# Not sure anymore....



## Lucky1126 (Aug 7, 2011)

Hi. I have been married for almost 4 years (next month) and we have a child who will be 4 next month. We have known each other for 10 years. We were seperated for a year and a half and got back together. Now I am questioning why I even missed him or if i just missed having someone sleep in the same bed. I started thinking this about 2 weeks ago. I went and visited my parents for a week and half and during that time he barely spoke to me. He saw us once. When he picked me up and got home we talked for a little bit because I felt something was wrong but he just keeps telling me that he is tired, busy at work and stressed. I understand all of this because his job can be hard. Well since I didn't get to see him much the other night I wanted to sit next to him while he watched tv and I was going to read my book, well he got up and sat somewhere else. It hurt my feelings but I didn't say anything but it shocked me because he normally doesn't act that way. Another day went by hardly said a few words to each other. This morning I get up and I look through his phone. I've been doing this since we got back together because the girl he was seeing tries to cause problems with us. Well I didn't see anything that was suspicious. I accidentally hit his internet button and found that he has been looking at porn.

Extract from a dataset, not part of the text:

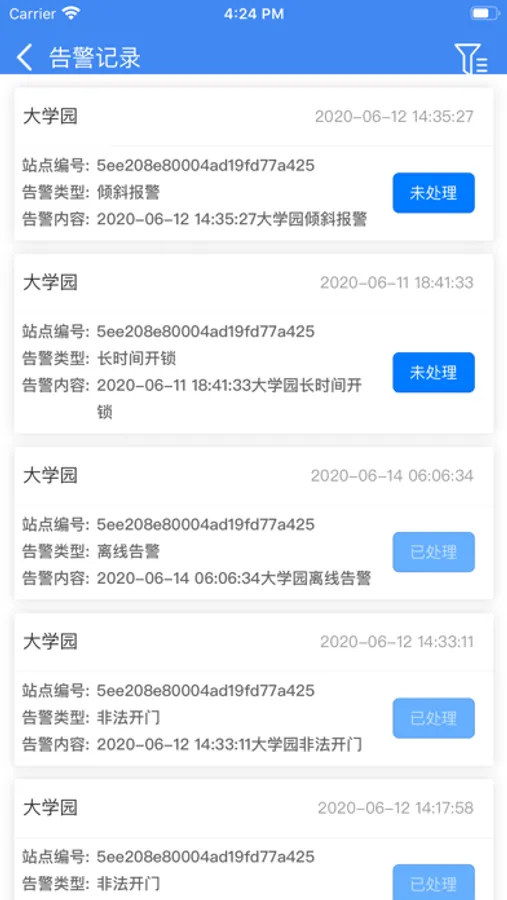 通过app现场检查设备实时状态,轻松排除故障,大大降低运维过程的难度,通过在线的远程授权机制轻松解决人员责任划分问题

I really don't care about that but it hurts my feelings because of the way he is treating me. We do not have sex awhole lot but when we do it's great. We share a room with our child and live with his parents so privacy is something that just doesn't happen. He seems really distant. When we don't have our son we might have sex once during the weekend. What bothers me is when we were seperated I had sex a lot with the person I was seeing and I don't with my husband. I masterbate more than we have sex. There is so much that I am just tired of with him. We have gone to counseling and it didn't help at the time because I didn't want to forgive him. I really feel like I have a roommate that sleeps in the same bed with me. Ugh, I'm really not even sure what I am asking for. I just know I need some advice. I'm tired of feeling lonely.


----------



## YinPrincess (Jul 31, 2011)

I think if your living arrangement were different, so might be your relationship... I can only guess, though. I would give it some time, and I think you should talk to him openly and honestly... even if he isn't reponsive, it may give him something to think about.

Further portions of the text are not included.